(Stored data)
'''

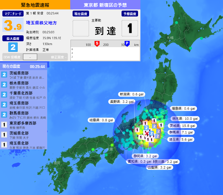 震源地は、千葉県北西部(北緯35.6度、東経140.1度)で、震源の深さは約70km、マグニチュードは5.0と推定されます。
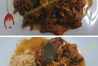 Hoy para comer unos chipirones con pota a la americana, para mojar pan y no parar jejeje, yo los hago en las ollas programables pero se pueden hacer en cazuela de barro en la vitro ó en cocina de gas Ingredientes:
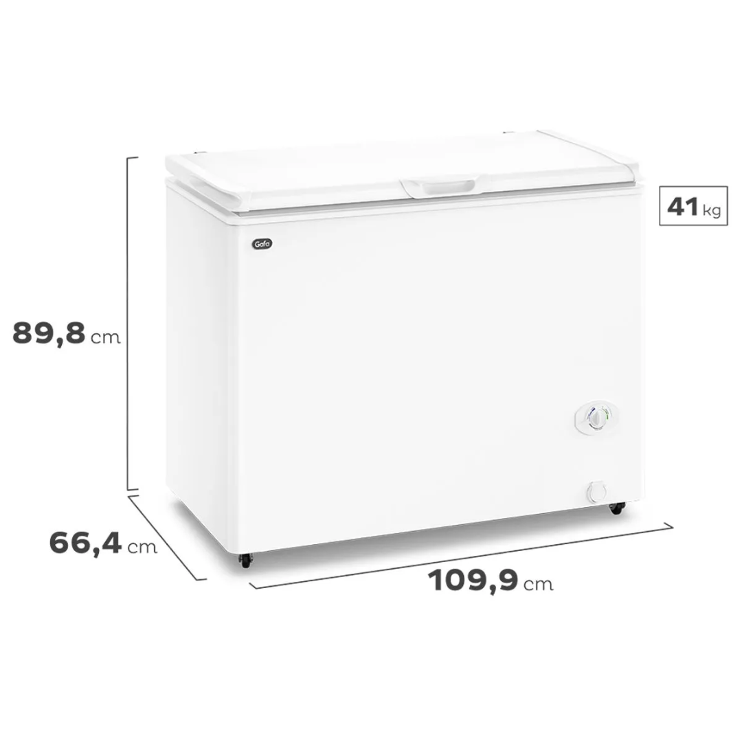 Conservá alimentos, bebidas y envases de todo tamaño, de forma práctica y organizada, con el Freezer Horizontal Gafa FGHI300B-L Blanco con 280L de capacidad.
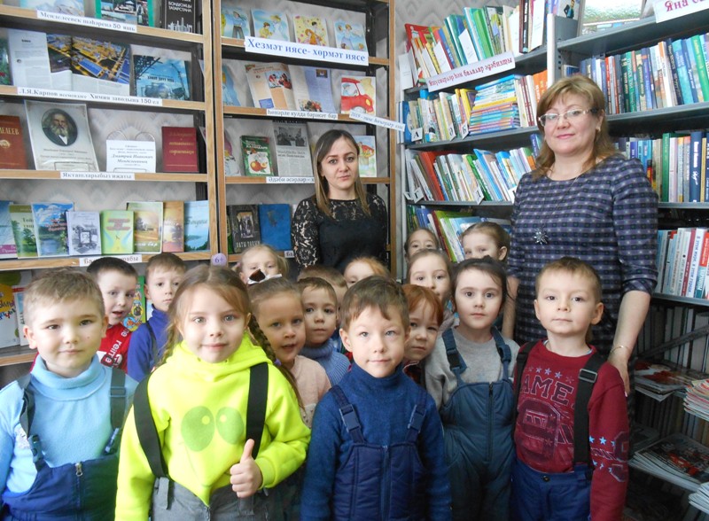 Китапханәче сабыйларны китапханә кагыйдәләре, күргәзмәләр, балалар өчен китаплар белән таныштырды. Татар каһарман шагыйре М.Җәлил туган көн буларак, әдипнең балачагы турында хикәяләр, кечкенәләр өчен язылган шигырьләретыңланды, “Кызыл ромашка” анимацион мультфильмы каралды. Балалар үзләре дә ятлаган шигырьләрен сөйләделәр. Соңыннан, бакчада бергәләп уку өчен, китаплар сайладылар.
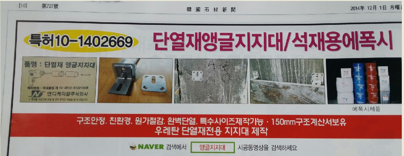 특허제품 '단열재 앵글 지지대' "한국석재신문"에 게재 12월 1일
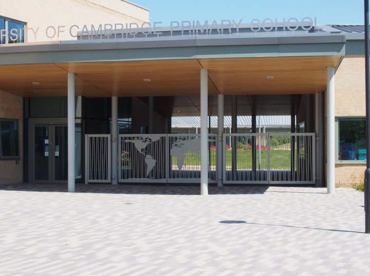 Good to see design attention being paid to public buildings. The primary school is circular, around a central green space. The metal gate sculpture is an attractive touch.
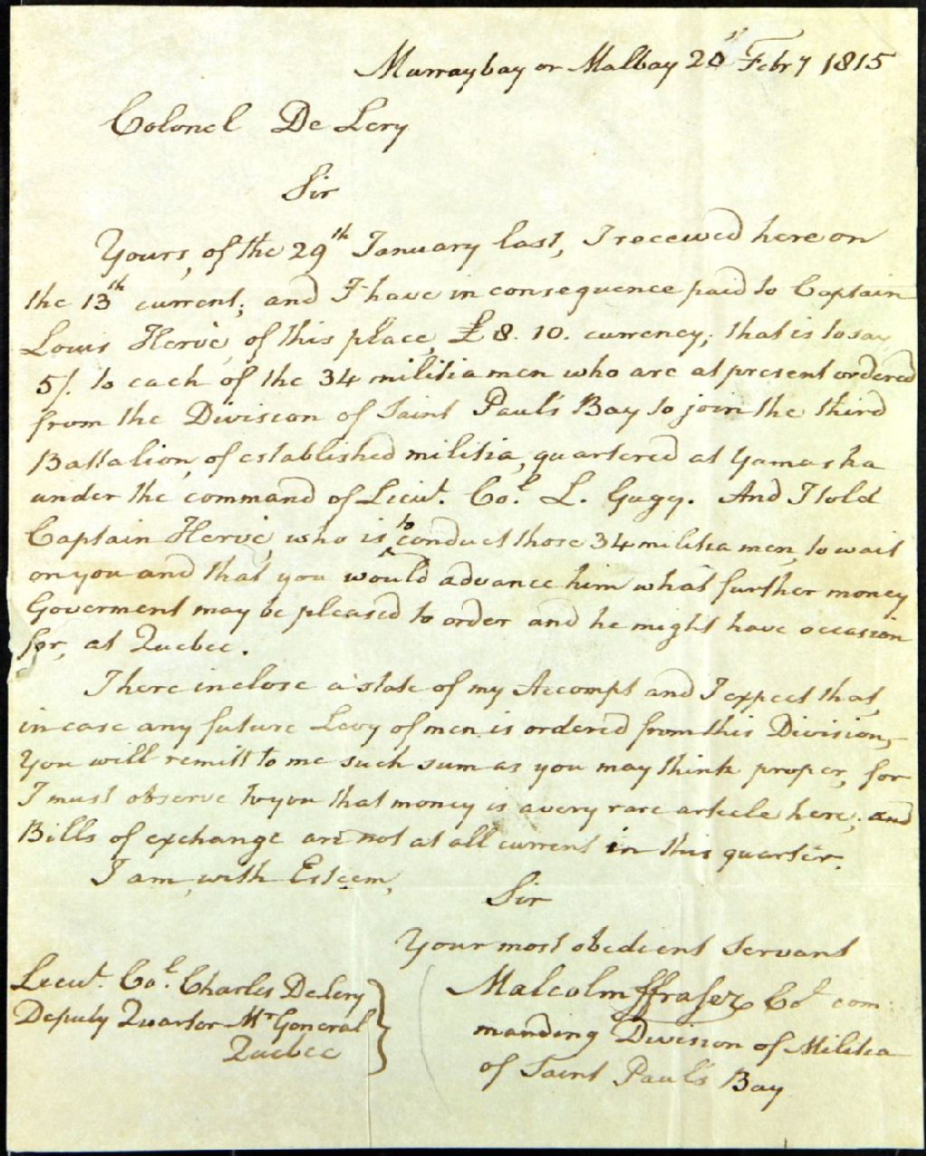 - Lettre de Malcolm Fraser, chef militaire de la Division de milice de Baie-Saint-Paul, au lieutenant-colonel Charles-Étienne Chaussegros de Léry
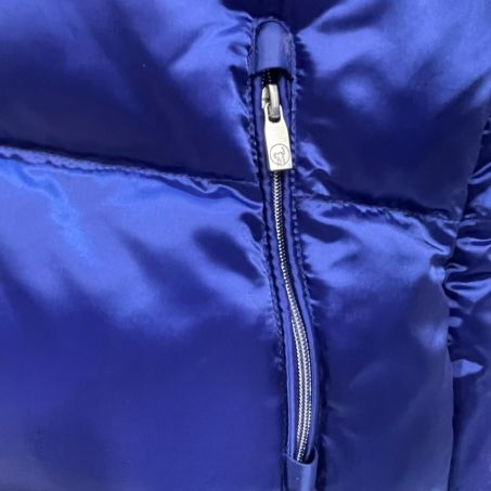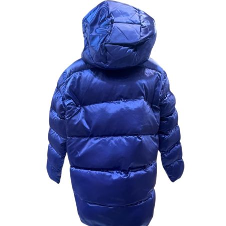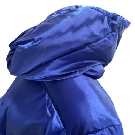 Piumino lungo blu elettrico in nylon metallico lucente, linea svasata con zip laterali, cappuccio removibile, maxi trapuntatura e imbottitura ecologica dal volume moderno.
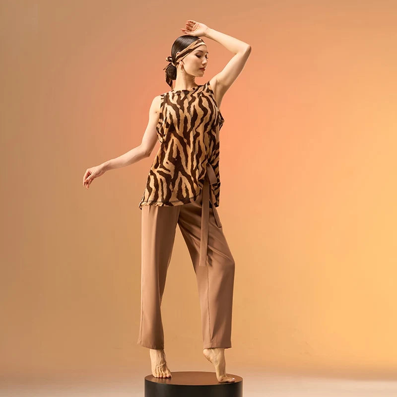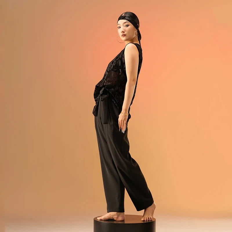 These dark mauve high-waisted pleated tapered dance pants feature a tie-waist and are designed for comfort and style, ideal for dance or casual outings. Made from a soft, stretchy fabric, they are easy to care for, offering both flexibility and a flattering fit.
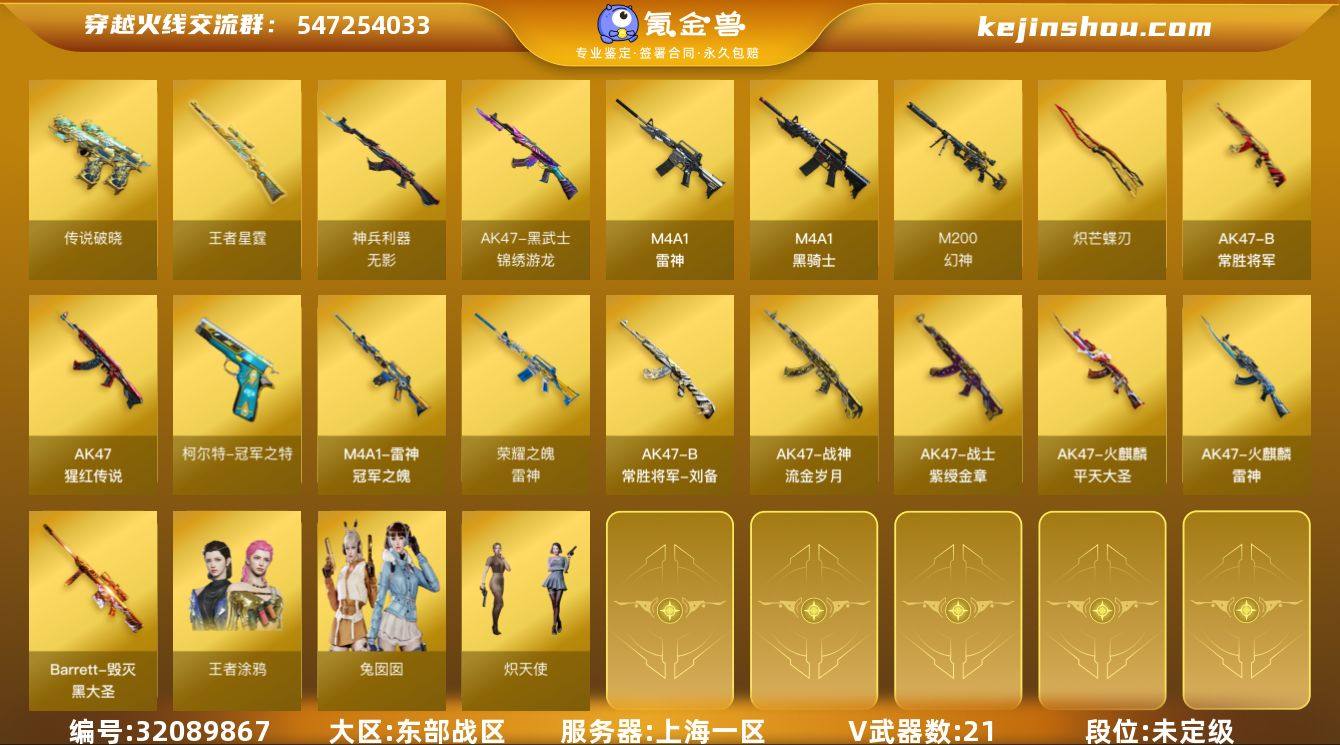 上海一区-23V-3王者-0炫金 【传说武器】:传说破晓 【热门武器】:传说破晓,M200-幻神,死亡之眼,柯尔特-冠军之特*3,M4A1-黑骑士,炽芒蝶刃 【王者炫金武器】:王者星霆 【皮肤】:幻神-宠儿-2021MVP,ScarLight-白虎-冠军之虎皮肤,雷神-荣耀之魄,雷神-冠军之魄,雷神-维纳斯皮肤,火麒麟-雷神,火麒麟-平天大圣,毁灭-黑大圣皮肤*2,战神-紫绶金章皮肤,战神-流金岁月皮肤,AK47-B-常胜将军-刘备,屠龙-春桃 皮肤 【角色】:战地猎狐,王者涂鸦,奇洋探员,乔伊教练,云海玲珑,炽天使,暗夜-X,初恋灵狐,芳心审判者,飞虎队-X,娟娟,兰-海滩派对,猎狐者-追月,0号玩家,零-水下丽影,灵狐者-X,灵狐者-七夕宝贝,曼陀罗-X,曼陀罗-礼服,萌儿,铁骑荣耀,兔囡囡,铁扇公主-暗灵,夜玫瑰-宠粉,樱-战斗天使,游珑儿 【人偶武器】:迷你深渊冰龙,夺魂,生化手雷-机甲核心,深渊终结者手雷*2,迷你艾比 【暴走生化】:死亡之眼,超级对讲机 【挑战大师】:冰龙粉碎者-白马银枪*2,激光毁灭者III-白马银枪,神圣爆裂者-末日III 【英雄级武器】:M4A1-雷神*2,M4A1-黑骑士,无影-神兵利器,黑武士-锦绣游龙,AK-47-猩红传说,AK47-B-常胜将军,M200-幻神,王者之怒-觉醒版,王者之决-觉醒版,柯尔特-冠军之特*3,炽芒蝶刃,高爆手雷-云龙,闪光弹-云龙 【道具】:XROCK炫彩背包,亚洲杯纪念炫彩背包,背包-洛丽塔,背包-葫芦兄弟,超级背包,黑桃战神背包,女皇终结者-魔龙之吻,救世主-黑桃战神,黄金生化钩,绿色巨人,灵魂忍者*2,变异宝贝,迷雾幽灵*2,夺命之镰,防化服*3,星辰流光-枪王排位,流光-再燃火线,枪王排位28赛季金色流光,枪王排位29赛季金色流光,零-水下丽影表情,EP战队名片,EP战队喷图,防弹头盔*4,防弹衣*4,C4工具钳*4,手雷包*4 【特殊枪械】:1黑骑士
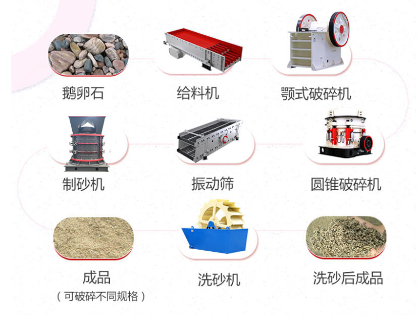 如果是一條完整的砂石骨料生產(chǎn)流程包括振動給料機(jī)喂料-顎式破碎機(jī)粗破-圓錐破碎機(jī)二級破碎-振動篩篩出不符合大小的再次送進(jìn)圓錐破碎機(jī)破碎-制砂機(jī)制砂-振動篩篩分-洗砂機(jī)-成品。

'''

§ Activity
In the data above, find the line with "Conservá alimentos, bebidas" and the line with "These dark mauve". Please copy exactly those two lines and every line between them, but not the pictures.

§ Answer to the problem
 Conservá alimentos, bebidas y envases de todo tamaño, de forma práctica y organizada, con el Freezer Horizontal Gafa FGHI300B-L Blanco con 280L de capacidad.
 Китапханәче сабыйларны китапханә кагыйдәләре, күргәзмәләр, балалар өчен китаплар белән таныштырды. Татар каһарман шагыйре М.Җәлил туган көн буларак, әдипнең балачагы турында хикәяләр, кечкенәләр өчен язылган шигырьләретыңланды, “Кызыл ромашка” анимацион мультфильмы каралды. Балалар үзләре дә ятлаган шигырьләрен сөйләделәр. Соңыннан, бакчада бергәләп уку өчен, китаплар сайладылар.
 특허제품 '단열재 앵글 지지대' "한국석재신문"에 게재 12월 1일
 Good to see design attention being paid to public buildings. The primary school is circular, around a central green space. The metal gate sculpture is an attractive touch.
 - Lettre de Malcolm Fraser, chef militaire de la Division de milice de Baie-Saint-Paul, au lieutenant-colonel Charles-Étienne Chaussegros de Léry
 Piumino lungo blu elettrico in nylon metallico lucente, linea svasata con zip laterali, cappuccio removibile, maxi trapuntatura e imbottitura ecologica dal volume moderno.
 These dark mauve high-waisted pleated tapered dance pants feature a tie-waist and are designed for comfort and style, ideal for dance or casual outings. Made from a soft, stretchy fabric, they are easy to care for, offering both flexibility and a flattering fit.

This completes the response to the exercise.